Everest : après avoir survécu six jours dans la “zone de la mort”, le récit glaçant d’un miraculé

Une survie miraculeuse. Un alpiniste népalais de 57 ans a survécu six jours seul sur le plus haut sommet du monde. Il a été retrouvé vivant le jeudi 4 juin. Transporté à l’hôpital, il tente de se rétablir après près d’une semaine passée dans la « zone de la mort ». Pour survivre, Dawa Sherpa raconte avoir « ronger de la glace ». Il a été retrouvé vivant à proximité du camp de base du plus haut sommet du monde (8 849 m), qu’il avait atteint avec le Britannique Chris Thrall le 29 mai. Un récit relayé par RTL.
Le lendemain, les routes des deux alpinistes s’étaient séparées durant leur descente d’après le témoignage de Chris Thrall. Le guide népalais s’est arrêté pour se reposer, tandis que son compagnon de cordée a poursuivi son chemin.
Porté disparu à près de 8 000 mètres d’altitude, il avait été considéré comme mort par sa famille et ses proches. « Je ne pensais pas m’en sortir vivant », a-t-il témoigné auprès de la BBC Népalaise le 5 juin, depuis son lit d’hôpital.
« Ronger de la glace » pour survivre »
« Je pensais que j’allais mourir comme ça. Je ne me suis pas perdu. À mesure que l’oxygène s’épuisait, j’ai pris du retard. Une fois l’oxygène terminé, je ne pouvais plus marcher. » Seul, devant affronter des températures glaciales près de la »zone de la mort » de l’Everest, où le taux d’oxygène est extrêmement faible, Dawa Sherpa a déclaré avoir survécu plusieurs jours avec presque aucune nourriture ni eau.

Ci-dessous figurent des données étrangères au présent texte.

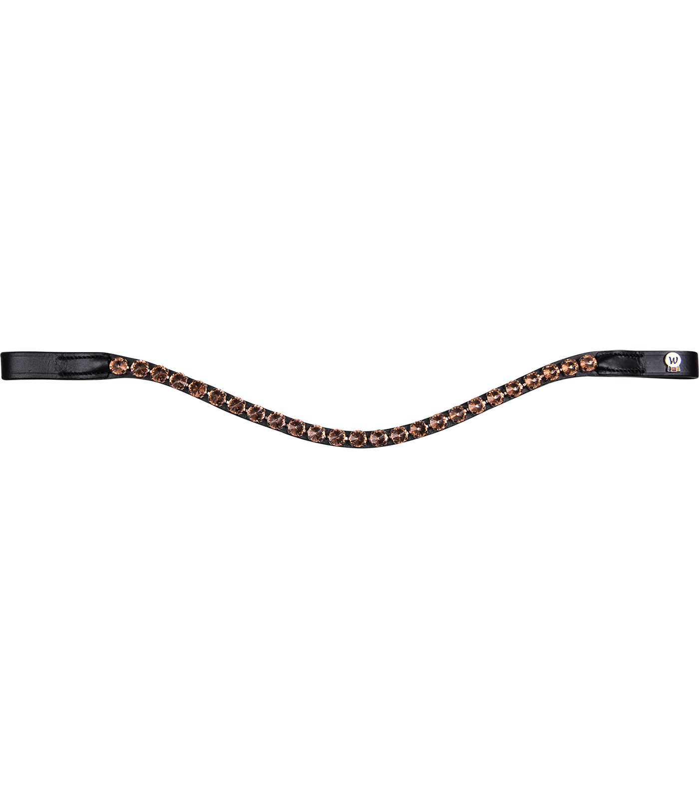 De X line frontriem is vervaardigd uit hoogwaardig leer met elegante roségouden accenten. De frontriem is rijkelijk versierd met grote, glinsterende strass stenen en beschikt over zachte voering voor optimaal comfort. Beschikbaar in maten Full, Cob, PON.

« Je n’ai rien mangé pendant les deux premiers jours. Ensuite, j’ai commencé à ronger de la glace. Ça me faisait mal aux dents », a-t-il raconté. Pour survivre, l’homme n’a pu compter que sur quelques chocolats et encas trouvés au fond de ses poches. « Je les trempais dans l’eau et les mangeais », rapporte-t-il.
Après son sauvetage, il a déclaré être tombé dans une crevasse avant d’avoir réussi à s’en extraire. « J’ai senti que je pouvais sortir « du trou », a-t-il déclaré. « J’ai ensuite cherché des cordes, puis j’en ai trouvé une. Je l’ai agrippée et j’ai marché (…) j’ai finalement pu descendre. »

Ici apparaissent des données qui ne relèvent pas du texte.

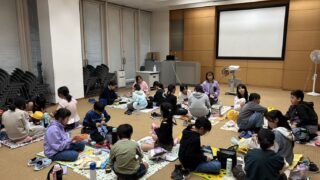 京エコロジーセンターに到着後、お弁当を食べました。みんなとても嬉しい様子です。 その後、環境について考えるグループワークを行なっています。八木東っ子の「ごみへらし隊」が元気に活動中です!

Il a raconté avoir marché de jour comme de nuit vers le camp de base avant de croiser d’autres personnes une semaine plus tard. Le matin du 4 juin, Dawa Sherpa a été retrouvé en train de ramper par le Sagarmatha Pollution Control Committee (SPCC), une équipe népalaise qui aide à tracer les itinéraires sur l’Everest et à nettoyer les déchets laissés sur place. Découvert exténué, déshydraté, les doigts gelés et une jambe fracturée, l’alpiniste a été héliporté vers un hôpital de la capitale népalaise. « Il va bien. Nous avons discuté », a déclaré sa fille Mendo Lhamu Sherpa.
La colère après l’émoi
Heureux de le retrouver, ses proches ont néanmoins exprimé leur colère à l’encontre des équipes de secours, qu’ils accusent de ne pas l’avoir localisé plus tôt. De son côté, le président de l’Association des alpinistes du Népal a vivement dénoncé le comportement du grimpeur britannique qui l’accompagnait.
« En montagne, on se fait confiance et on s’aide. Il est irresponsable et inhumain de laisser quelqu’un seul », a exprimé Fur Gelje Sherpa. « Sa survie est miraculeuse et il faut qu’elle serve de leçon », a-t-il jugé, « une enquête doit déterminer les responsabilités ».